Letzte Verhandlungsrunde zwischen CDU und GAL. Im Hotel Grand Elysee war deutlich zu spüren, dass der Durchbruch unmittelbar bevor stand. Mit ernsten Mienen eilten die Teilnehmer ab zehn Uhr zum Konferenzraum "Speicherstadt". Trotzdem verschob sich der Sitzungsbeginn immer weiter nach hinten. Der GAL-Wirtschaftspolitiker Jens Kerstan wirkte bedrückt, als er die Punkte aufzählte, bei denen noch keine Einigung in Sicht war: Kraftwerk Moorburg, Elbvertiefung, der Haushalt. "Wäre ich nicht zuversichtlich, wäre ich nicht hier", sinnierte Staatsrat Volkmar Schön (CDU). Andere versuchten die Anspannung durch Witzchen zu mildern.
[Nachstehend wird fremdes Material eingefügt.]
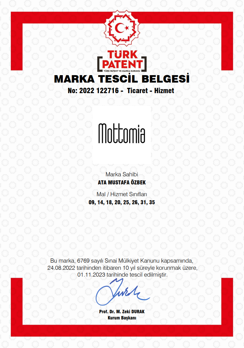 MOTTO MIA ismi, “Benim Mottom” veya “Benim Felsefem” anlamını taşıyan dinamik yapısıyla, bireysel ifadenin ve kişisel tarzın ön planda olduğu moda, kırtasiye ve yaşam tarzı sektörleri için eşsiz bir marka potansiyeli sunmaktadır. İtalyan esintili tınısı ve ritmik fonetiği sayesinde, tüketici zihninde enerjik, genç ve stil sahibi bir algı yaratır.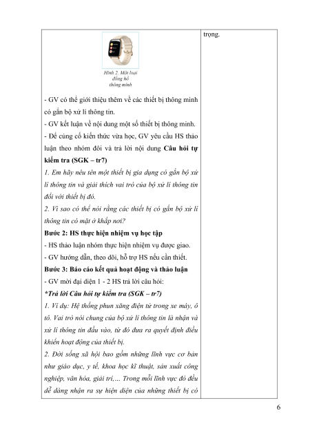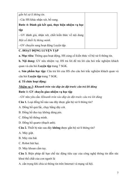 c. Sản phẩm học tập: HS nêu được những thiết bị có bộ xử lí thông tin thông dụng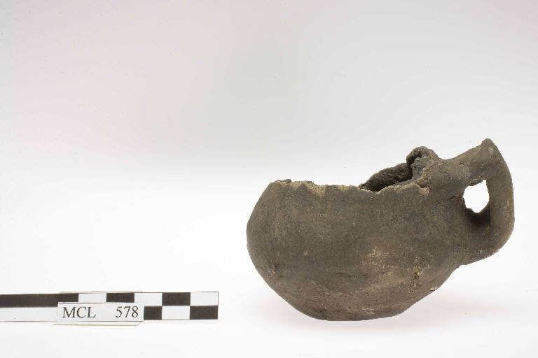 Boccale globoso monoansato, con ansa a gomito e fondo piatto.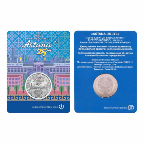 100 тенге - 25 лет Астане, Казахстан, 2023 год, в блистере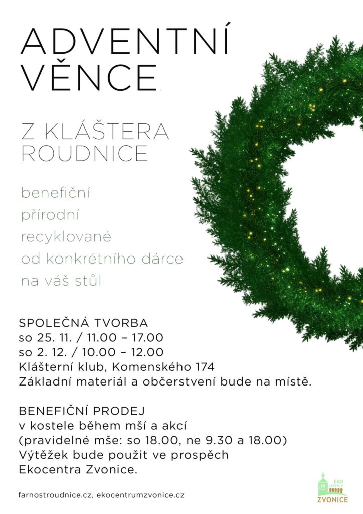 Roudnice nad Labem – Pokud rádi tvoříte rukama, máte srdce na správném místě a nebojíte se pomáhat, přijďte v sobotu 25. listopadu do Klášterního klubu v Roudnici nad Labem (Komenského 174) a zúčastněte se společné výroby benefičních adventních věnců. Vyrábět se bude po celý den – od 11 do 17 hodin.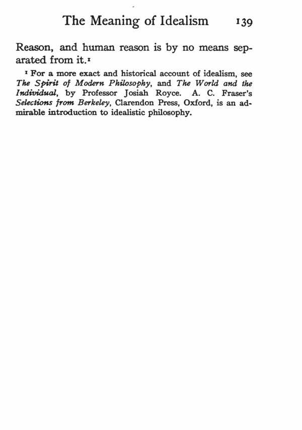 *For a more exact and historical account of idealism, see "The Spirit of Modern Philosophy," and "The World and the Individual," by Professor Josiah Royce. A. C. Fraser's "Selections from Berkeley," Clarendon Press, Oxford, is an admirable introduction to idealistic philosophy.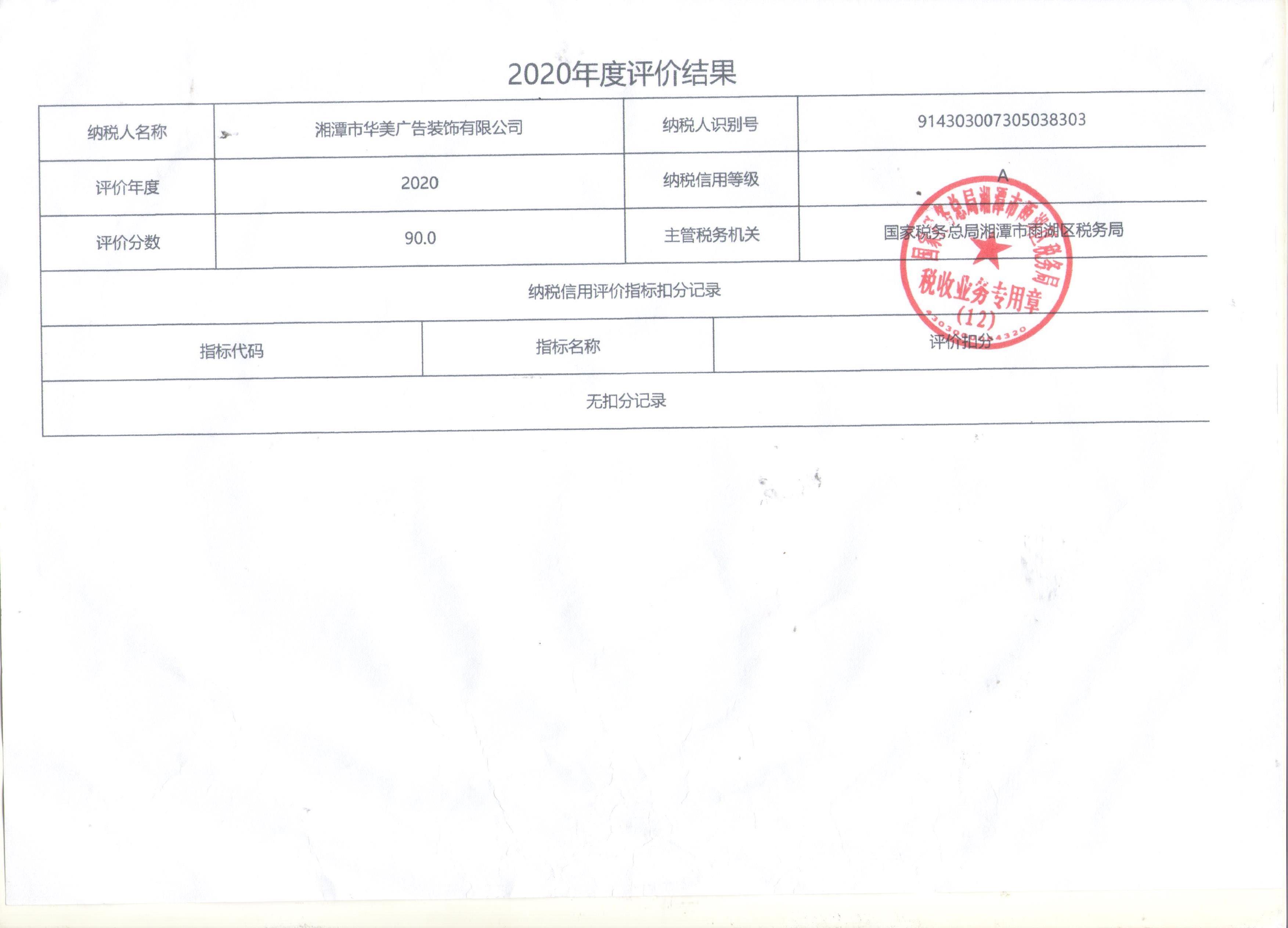 企業(yè)納稅信用等級報告: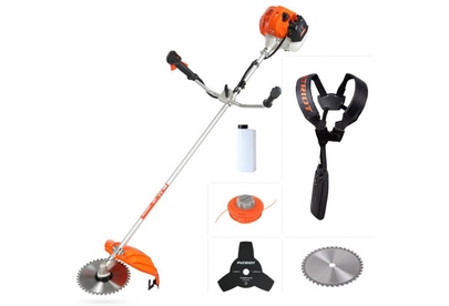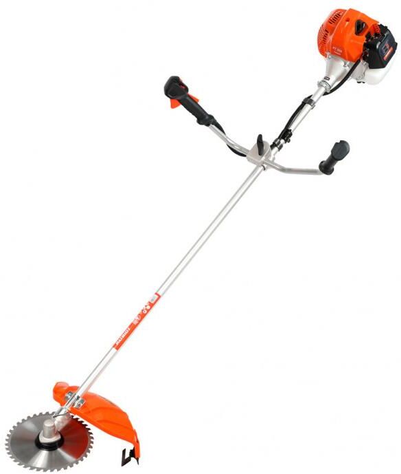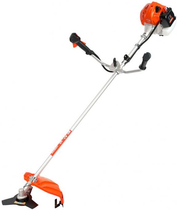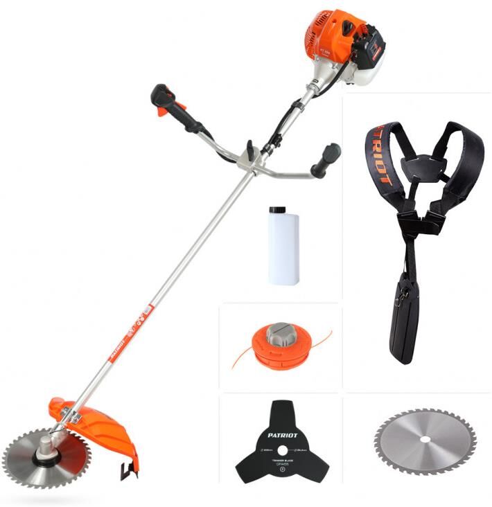 Мощность двигателя, л.с. 3. Объем двигателя, см3- 52. Тип двигателя 2-х тактный бензиновый. Диаметр режущей лески, мм 3. Диаметр режущего ножа, см 25.5. Пильный диск 40Т+3Т. Ширина скашивания, см 42. Тип рукоятки U-образная (велосипедная). Приводной вал жесткий. Легкий старт . Тип топлива смесь 32: 1 (бензин АИ 92 + масло Patriot G-Motion). Объем топливного бака, л 0,95.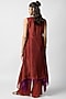 Featuring a red layered asymmetrical kurta in organza base with hand embroidery. It is paired with matching satin wide legged pants.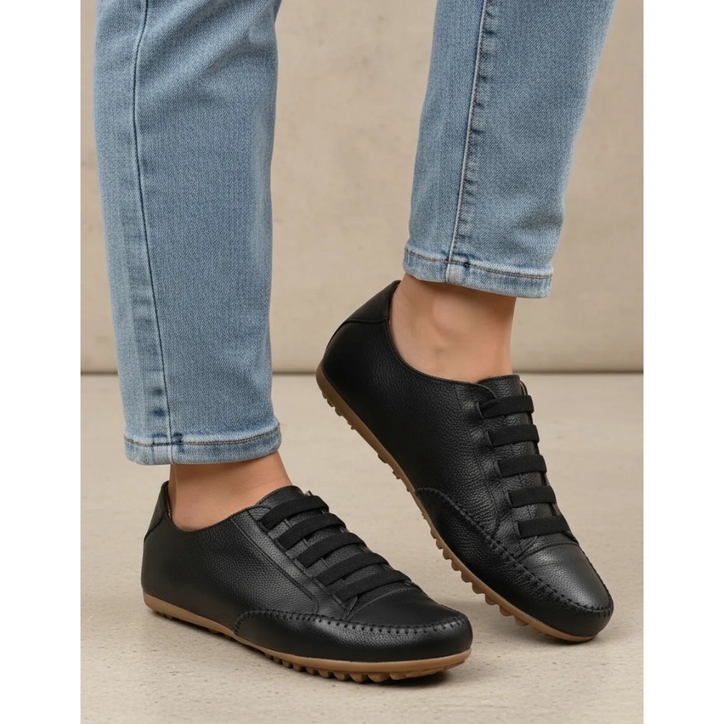 Tênis feminino Mocatênis Couro Legítimo Sapato Casual Com Elástico Calce Fácil

Auf die Frage, ob die Kuh vom Eis sei, sagte Willfried Maier (GAL): "Eis gibt's nicht mehr, es ist doch Frühling." Es stellte sich heraus: Ole von Beust, Anja Hajduk, Michael Freytag und Christa Goetsch hatten sich in einen separaten Raum zurückgezogen. Die restliche Delegation musste im Konferenzraum die Zeit totschlagen. Allen war klar: Im vertraulichen Gespräch ging es ums Ganze.
Erst um viertel nach zwölf fanden sich die potenziellen Koalitionäre zum täglichen Gruppenfoto zusammen. Kommentare gab es keine. Nur knapp zwei Stunden später löste sich die Runde schon wieder auf. Schließlich mussten die Abgeordneten um 15 Uhr zur Bürgerschaft. Zu einem kurzen Statement war einzig GAL-Innenexpertin Antje Möller bereit: "Wir haben alles besprochen, was wir wollten."
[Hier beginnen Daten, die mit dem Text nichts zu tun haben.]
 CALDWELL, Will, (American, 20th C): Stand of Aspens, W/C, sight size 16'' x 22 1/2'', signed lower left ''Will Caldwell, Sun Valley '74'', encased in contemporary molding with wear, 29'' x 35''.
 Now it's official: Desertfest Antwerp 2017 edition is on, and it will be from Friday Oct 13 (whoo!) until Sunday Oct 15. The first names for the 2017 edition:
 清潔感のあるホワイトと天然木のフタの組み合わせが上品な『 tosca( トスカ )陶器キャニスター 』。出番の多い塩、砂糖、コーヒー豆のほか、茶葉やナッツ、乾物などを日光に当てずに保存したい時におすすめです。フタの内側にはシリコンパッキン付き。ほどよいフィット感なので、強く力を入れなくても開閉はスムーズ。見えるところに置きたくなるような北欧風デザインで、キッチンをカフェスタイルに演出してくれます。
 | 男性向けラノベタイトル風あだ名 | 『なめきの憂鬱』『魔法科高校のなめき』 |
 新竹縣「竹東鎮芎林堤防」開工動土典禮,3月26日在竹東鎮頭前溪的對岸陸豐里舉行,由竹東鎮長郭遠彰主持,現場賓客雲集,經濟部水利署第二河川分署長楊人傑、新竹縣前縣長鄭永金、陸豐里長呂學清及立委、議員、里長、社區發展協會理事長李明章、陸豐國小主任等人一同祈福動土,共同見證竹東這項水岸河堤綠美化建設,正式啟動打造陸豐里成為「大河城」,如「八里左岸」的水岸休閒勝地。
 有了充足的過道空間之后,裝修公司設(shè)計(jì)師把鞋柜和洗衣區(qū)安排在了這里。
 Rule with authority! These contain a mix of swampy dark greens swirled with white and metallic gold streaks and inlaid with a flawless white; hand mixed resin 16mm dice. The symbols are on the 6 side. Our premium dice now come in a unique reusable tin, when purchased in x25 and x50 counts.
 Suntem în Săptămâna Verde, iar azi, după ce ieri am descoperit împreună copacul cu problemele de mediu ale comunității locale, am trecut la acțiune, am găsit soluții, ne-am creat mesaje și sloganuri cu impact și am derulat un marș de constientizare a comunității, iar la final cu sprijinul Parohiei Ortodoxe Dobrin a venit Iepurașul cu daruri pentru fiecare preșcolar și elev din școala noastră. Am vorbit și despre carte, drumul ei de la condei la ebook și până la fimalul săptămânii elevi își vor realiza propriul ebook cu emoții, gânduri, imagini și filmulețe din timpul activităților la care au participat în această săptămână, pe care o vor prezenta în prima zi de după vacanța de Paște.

Dazu gehörte vor allem auch das Thema Kohlekraftwerk Moorburg. Anders als es sich die GAL gewünscht hat, wird nach Abendblatt-Informationen im Koalitionsvertrag wohl nicht die vollständige Ablehnung des Kraftwerkes stehen. Lediglich die politische Willensbekundung eines Gaskraftwerks soll im Vertrag formuliert werden. Insider gehen indes nicht davon aus, dass das Kohlekraftwerk gegen den Willen Vattenfalls noch verhindert werden kann. Dies sei keine politische, sondern eine rechtliche Frage. Sollte der Energiekonzern alle Auflagen der Fachbehörde erfüllen, gebe es einen Rechtsanspruch auf Genehmigung, hieß es.
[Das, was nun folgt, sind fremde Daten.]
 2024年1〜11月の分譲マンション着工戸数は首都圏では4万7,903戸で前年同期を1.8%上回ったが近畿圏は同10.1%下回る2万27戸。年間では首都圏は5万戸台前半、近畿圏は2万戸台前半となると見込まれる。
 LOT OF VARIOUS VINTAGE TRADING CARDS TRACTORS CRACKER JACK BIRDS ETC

Wie aus der Antwort des Senats auf Anfragen der SPD-Abgeordneten Thomas Böwer und Monika Schaal hervorgeht, hat der Senat zwischen September 2006 und März 2008 insgesamt 22 Anträge Vattenfalls positiv beschieden, die mit dem Bau des Kraftwerks zusammenhängen. Darin geht es um wasserrechtliche Fragen ebenso wie um Belange des Immissions- und Naturschutzes. Zuletzt wurde im März der "Einbau von fünf Schluckbrunnen im Bereich der privaten Hochwasserschutzanlage des Polders Nr. 5 in Moorburg" genehmigt.
Aus der Senatsantwort geht zudem hervor, dass bisher nicht ein einziger von Vattenfall gestellter Genehmigungsantrag abgelehnt wurde. Sechs Anträge wurden noch nicht beschieden - sie betreffen mehrheitlich wasserrechtliche Fragen. Auch in der 35-seitigen Klageschrift von Vattenfall gegen die Stadt, die dem Abendblatt vorliegt, wird ein Schreiben der Behörde vom 14. November zitiert, wonach nach damaligem Erkenntnisstand nichts der Erteilung der wasserrechtlichen Erlaubnis für die Entnahme und Einleitung des Kühlwassers Hindernisse entgegenstünden, die nicht bis zur Betriebsaufnahme überwunden werden könnten. Im Klartext heißt das, sollte Vattenfall allen Auflagen zustimmen, z. B. einem eingeschränkten Betrieb in den Sommermonaten, hat die Behörde keine rechtlichen Möglichkeiten, eine Genehmigung zu verweigern. Unabhängig davon, ob sich ein Energieversorger findet, der in Hamburg ein politisch gewünschtes Gaskraftwerk bauen und betreiben würde, könnte Vattenfall das Kohlekraftwerk betreiben.